6.4 Non-bismuth-based quadruple therapy

Non-bismuth-based quadruple therapy, also known as concomitant therapy, involves a combination of a PPI with amoxicillin, metronidazole, or tinidazole, and clarithromycin, given twice daily for 10–14 days. It has the highest eradication rates of about 90%, even in areas of high metronidazole and clarithromycin resistance [7]. However, the success rate of a 7-day concomitant therapy has decreased due to changes in clarithromycin resistance patterns [13].
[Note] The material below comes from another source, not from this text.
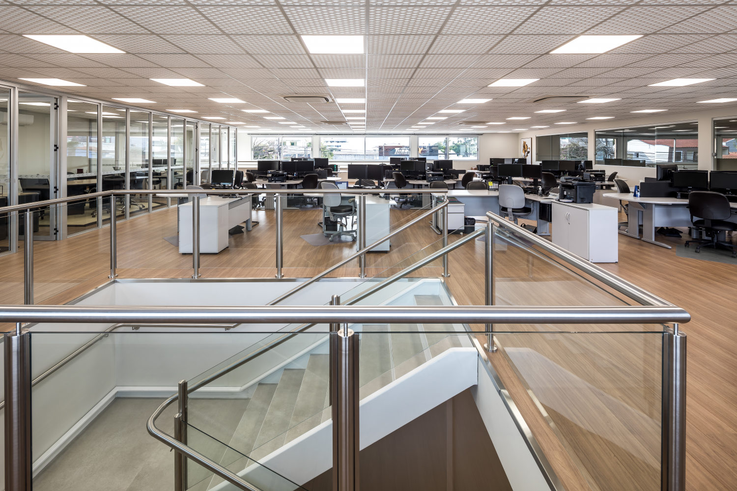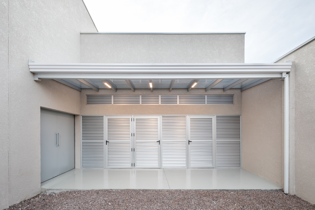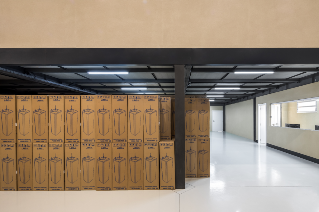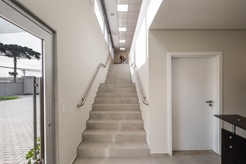 Sede para empresa no Hauer, em Curitiba. A projeto consistiu em reformar um galpão – utilizado para manutenção de caminhões – em um escritório moderno e uma área de depósito. Foram construídas duas paredes (a fachada frontal e posterior) e construído um mezanino em estrutura metálica. A utilização desse sistema construtivo permitiu o melhor aproveitamento do pé direito já existente.

6.5 Levofloxacin-based triple therapy

Levofloxacin-based triple therapy consists of a combination of a PPI and amoxicillin given twice daily, with levofloxacin given once daily. It can be used as salvage therapy and is better tolerated than bismuth-based quadruple therapy [7]. Levofloxacin can also be given as sequential therapy, consisting of a PPI with amoxicillin for 5–7 days, followed by a PPI with levofloxacin and nitroimidazole for 5–7 days, or as quadruple therapy, composed of levofloxacin, a PPI, nitazoxanide, and doxycycline administered for 7 or 10 days [14].
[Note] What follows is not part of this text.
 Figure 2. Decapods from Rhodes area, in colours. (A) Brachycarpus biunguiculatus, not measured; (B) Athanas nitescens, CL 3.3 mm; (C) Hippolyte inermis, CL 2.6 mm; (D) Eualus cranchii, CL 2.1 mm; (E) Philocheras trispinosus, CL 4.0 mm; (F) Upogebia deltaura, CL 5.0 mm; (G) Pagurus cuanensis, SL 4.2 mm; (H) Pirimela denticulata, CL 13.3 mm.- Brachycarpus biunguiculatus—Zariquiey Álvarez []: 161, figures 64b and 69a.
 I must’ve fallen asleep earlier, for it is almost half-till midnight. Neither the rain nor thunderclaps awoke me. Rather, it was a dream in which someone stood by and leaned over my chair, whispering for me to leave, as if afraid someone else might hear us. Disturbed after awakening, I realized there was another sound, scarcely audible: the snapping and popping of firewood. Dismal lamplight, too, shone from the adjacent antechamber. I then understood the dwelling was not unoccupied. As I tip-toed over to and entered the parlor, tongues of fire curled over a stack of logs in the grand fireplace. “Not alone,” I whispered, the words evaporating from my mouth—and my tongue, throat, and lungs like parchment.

6.6 Rifabutin triple therapy

Rifabutin triple therapy has also been highlighted as effective in H. pylori eradication, and most guidelines recommend it as salvage therapy when first-line therapy fails [2, 6]. It consists of amoxicillin 1 g, omeprazole 40 mg, and rifabutin 50 mg for 14 days [2].

7. Salvage therapy

In case of first-line treatment failure or persistent symptoms, salvage therapy should be based on knowledge of previous antibiotics used and local resistance data [6]. Patients who experience treatment failure are either treated with second-line agents, prolonged treatment, or the addition of bismuth salts [6]. The most commonly used second-line regimen consists of a combination of tetracycline, amoxicillin/metronidazole, a PPI, and bismuth given daily for 10 days [6].

BQT or levofloxacin triple therapy is the preferred treatment option if the patient was previously treated with clarithromycin-containing first-line therapy. Clarithromycin or levofloxacin-containing treatment is considered if the patient received first-line BQT [15]. Clarithromycin triple therapy should not be considered in second-line treatment [14]. Combinations that can be considered for salvage treatment are BQT, levofloxacin triple therapy, concomitant therapy, rifabutin triple therapy, and high-dose dual therapy [14].

Due to the limited number of antibiotics that are effective against H. pylori and the interpatient and local differences in primary and secondary antibiotic resistance, there is no standard third-line regimen, and treatment should be based on endoscopy with bacterial culture and susceptibility testing [6].

8. Prevalence and clinical consequences of antibiotic resistance

One of the biggest challenges in H. pylori treatment is the growing antibiotic resistance against agents used in first-line treatment. Therefore, it is crucial to monitor the prevalence of resistance in local settings [6]. Numerous studies have shown that antibiotic resistance reduces the success rate of different anti-H. pylori therapies. However, the extent to which it clinically affects the outcomes depends on the different components used, the dose of each antibiotic, and the level of resistance present in H. pylori strains [8]. For example, studies have shown that success rates of nitroimidazole-containing PPI-based triple therapy drop from 90% in susceptible strains to 73% in resistant strains. The addition of bismuth salt to nitroimidazole-containing triple therapy increases the success rate to 92% in nitroimidazole-susceptible strains compared to 83% in resistant strains [8].

Limited studies have shown that macrolide resistance substantially reduces the efficacy of macrolide-containing H. pylori therapy [8]. The efficacy/success rate of adding macrolide to triple therapy may decrease from 86% in susceptible strains to 25% in resistant strains [8].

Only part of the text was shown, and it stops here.